Dunkin Donuts Overview
Dunkin Donuts is a US-based Quick Service Restaurant chain that sells different varieties of coffee, donuts, bagels, croissants, muffins, sandwiches, and many other dishes. The company was founded in 1950 and has a network of more than 11300 restaurants spread across 36 countries including the US, Canada, India, Japan, the UK, Russia, New Zealand, etc. (Dunkin Donuts, 2021). Dunkin Donuts is owned by Inspire, a company that also owns other popular food brands such as Arby’s, Baskin Robbins, Buffalo Wild Wings, Rusty Taco, and SONIC among others. Dunkin Donuts earned a revenue of $972.1 million in 2020.
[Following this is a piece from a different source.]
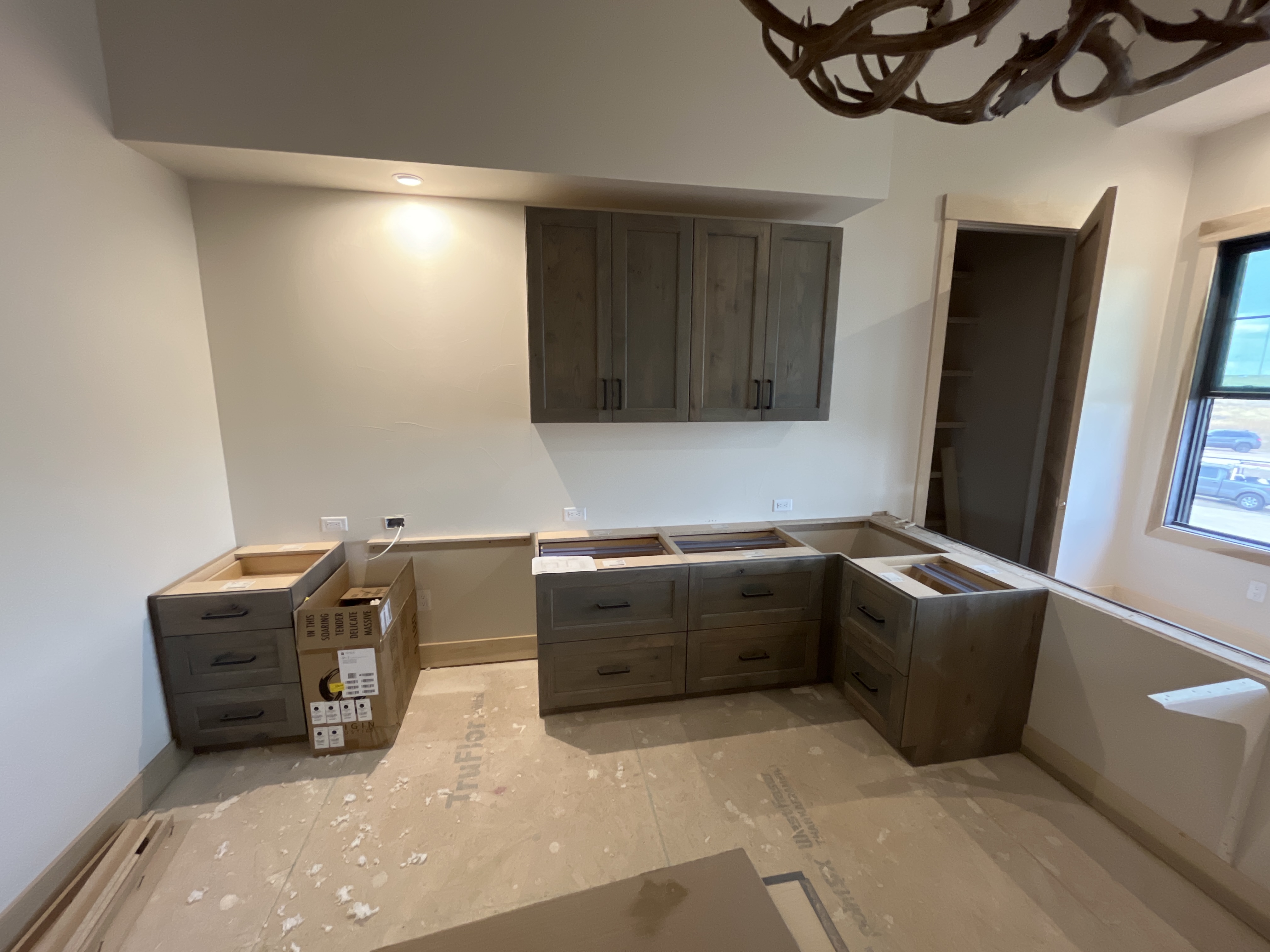 do not change the cabinets in any way preserve the exact cabinet colors materials finishes dimensions door and drawer styles hardware spacing alignment and all geometry exactly as shown do not alter the countertop shape backsplash appliances flooring lighting fixtures or wall structure only remove the construction materials clutter and mess from the scene clean the room and make it look finished and staged add a few simple tasteful home accessories appropriate for the style of the space but do not add or remove any furniture windows or architectural elements maintain the original lighting direction and realism enhance clarity and polish the photo while keeping the cabinetry and room design completely unchanged do not alter the lighting to keep the cabinet colors as they are in the image add new countertops and flooring add crown molding on the upper cabinets stage for a home office remove the trim around the window add a view of fields out the window remove the antlers

The PESTLE analysis of Dunkin Donuts presented in this article will delve deep into understanding the impact of external business factors on the operations and strategies of the company. If you wish to know in detail how an effective PESTLE analysis can be conducted, you can check out our holistic guide on PESTLE Analysis for in-depth understanding. To proceed, let us get the Dunkin Donuts’ PESTLE Analysis underway.
Table of Contents
Exhaustive and rational PESTLE analysis of Dunkin Donuts
Political factors affecting Dunkin Donuts
The US has a stabilized political environment that favors a progressive commercial environment in the country. The US has a friendly tax regime wherein the government recently reduced the corporate tax rates from 35% to 21% to boost the investments. Further, QSR companies import a large number of coffee beans from Brazil and both the governments have signed an agreement called Trade and Economic Cooperation under which many items including the green coffee beans imports from Brazil are duty-free, thereby leading to a reduction in cost for the companies (USTR, 2022).
Further, Canada is another key market for QSR companies and it is ranked higher in terms of political stability, thereby ensuring a positive environment for the business. The provincial government of Quebec has banned the opening up of fast-food restaurants near schools. This can impact the sales of the QSR companies (Goldberg, 2019).
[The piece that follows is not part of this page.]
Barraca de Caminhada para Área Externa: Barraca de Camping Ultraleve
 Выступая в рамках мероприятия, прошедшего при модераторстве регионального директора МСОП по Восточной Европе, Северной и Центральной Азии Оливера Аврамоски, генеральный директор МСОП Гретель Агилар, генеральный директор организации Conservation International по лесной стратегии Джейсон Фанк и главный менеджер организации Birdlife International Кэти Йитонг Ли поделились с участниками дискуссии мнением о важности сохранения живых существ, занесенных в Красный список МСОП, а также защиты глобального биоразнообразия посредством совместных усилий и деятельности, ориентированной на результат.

Economic factors affecting Dunkin Donuts
The growth rate of the US for the year ending 2021 was 5.7%, (Wiseman, 2022). It is further predicted to decline to 4% in 2022 and 2.6% in 2023 (Shalal and Lawder, 2022). Further, the unemployment rate was 3.9% at the end of 2021 (Pickert, 2022). It is expected to fall further in 2022 to 3.8% and 3.5% in 2023 (Knoema, 2021). No positive change in the unemployment rate would lead to an increase in demand for affordable food products.
Furthermore, inflation in the US is at a 40-year high of 7.5%. The reason for higher inflation is the reduction in the supply of goods and services due to COVID and the current level of supply is not able to match the demand in the market. The higher inflation rate would lead to an increase in the prices of products, hence reducing the affordability for many customers.
Besides, Canada's growth rate at the end of 2021 was 6.7% (CBC, 2022). The economy is expected to slow down to 4.1% in 2022 (TD Bank, 2022). Inflation in Canada is at a record high of 5.1% (Statistics Canada, 2022). The inflation is expected to decrease to 3.3% in 2022 and further fall to 3.1% in 2023. The reduction in inflation means the QSR companies would be able to procure raw materials at a lesser rate, thereby leading to a reduction in prices which would ultimately lead to an increase in the sales of the QSR companies.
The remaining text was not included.